Originally Posted by
Cleared4appch
Ah come on man, we’ve seen this conversation come up before plenty of times on here, and we all know that our biases can easily get injected into it. Civilians aren’t perfect, but neither are military guys either. Military pilots have more than their share of struggles and adjustments when transitioning to airline flying just like civilians. I can count on one hand the number of times I've heard airline sim instructors tell me over the last 2 years of how military guys are the ones getting the most retrains/repeat lessons more than anyone else. And no they weren’t military helicopter pilots. Military pilots can and do wash out of training. Does that necessarily ‘mean something?’ No, nor am I tying to imply anything by it. Just means military aren’t perfect.
Granted, the training in the military is very intense and demanding considering the types of operations you do in the military. The training for that kind of stuff isn’t easy nor should it be. Especially things like landing on carriers and formation flying. Takes lots of practice and focus I would imagine to not only perfect those skills but to maintain them as well.
The military wants you to fly the way they want you to fly. It’s understandable. The airlines are the same way. You fly the machine the way they want you to fly it. We don’t do formation flying, land on carriers, perform aerobatics or night NVG stuff at low level, but the training certainly is demanding enough to a degree that military types still can, and do struggle with. Sure you may have flown a high performance, high speed jet in the military, but the way you will fly the jet will be very different at your airline job. The procedures are likely vastly different.
In terms of hours and experience, yea I’ll give it to you that the military pilot has certainly seen and experienced more, especially all in turbine aircraft in 500 hours compared to the average civilian. But give it 5-10 years and that civilian will likely have accumulated far more flight time and experiences, likely in turbojets, than the average military aviator.
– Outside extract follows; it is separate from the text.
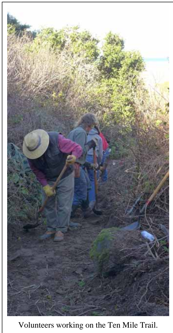
Volunteers working on the Ten Mile Trail.

You may not know that the lands on both sides of the bridge were acquired by the MLT from a private owner this past summer. The MLT will manage them for public access and resource conservation purposes. This means you are free to walk the haul road east along the river to its intersection with the modern gravel quarry road. It is a great place to visit if you are a bird watcher or just love getting out in nature. The Ten Mile River estuary is now a Marine Protected Area that hosts several endangered and threatened species. It is a fascinating place to visit.

Military pilots just simply don’t fly as much after flight school. For civilians it’s usually the opposite. They are still flying a ton long after they completed flight training. Their proficiency is sharp.
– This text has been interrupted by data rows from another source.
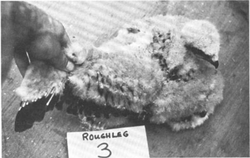
Figure 2. Three-week-old Rough-legged Hawk losing second coat of down as feathers push out of their sheaths.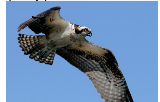
Osprey ( Pandion haliaetus ) Male: white breast and belly, black back and black streak through eyes Female: same as male but slightly larger Juvenile: similar to adult with light tan breast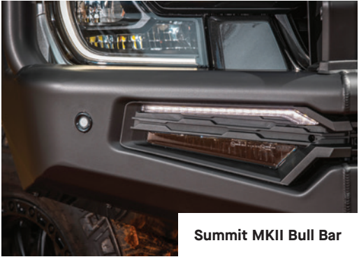
Summit MKII Bull Bar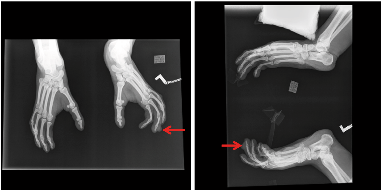
Figure 3. Radiographs of feet of an adult female bonobo taken during the investigation of a skin mass (red arrows).

placed between the scapulae. The adult female was extubated eight minutes after reversal of anaesthesia. Recovery was normal with no anaesthetic complications.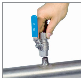
A Screw neck

Drill holes can be drilled through the 1/2" ball valve into the existing tubing with the help of the drilling device, the drill chips are collected in a filter, then the probe is installed as described under 1).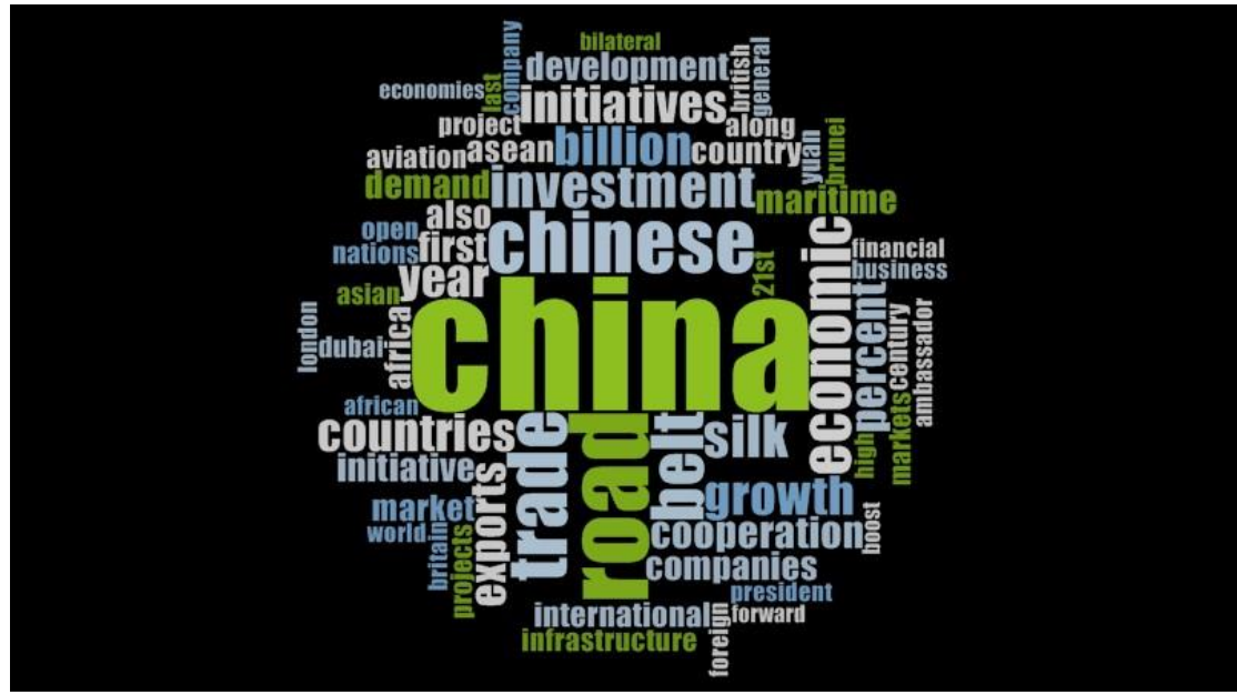
Fig-2: Word cloud of ChinaDaily reports by NVivo Word Frequency Query

Yes military vs civilian training and flying are apples to oranges. They are 2 very different animals, that are focused on entirely different things. Civilian training is good for civilian operations. Military training is good for military operations. Can there be a good, positive transfer of learning from one realm to the other? Certainly, but sometimes that’s not the case. Attitude is ultimately the thing makes or breaks people. Go in with the wrong attitude in either realm, military or civilian, or switching from one to the other, and you’re gonna have problems before you know it. Like I said civilians may not do any of the cool xxit that military guys get to do, but it doesn’t mean we aren’t good at what we do.
I agree with much of your post and was not saying that military pilots are perfect. I was replying to the message about the 2000 hour pilot made earlier. The point was to illustrate that the rigor in military flight training and civilian flight training are universes apart, and that the comparison wasn’t apt. It was not intended to say that military pilots are perfect or civilian pilots are weak.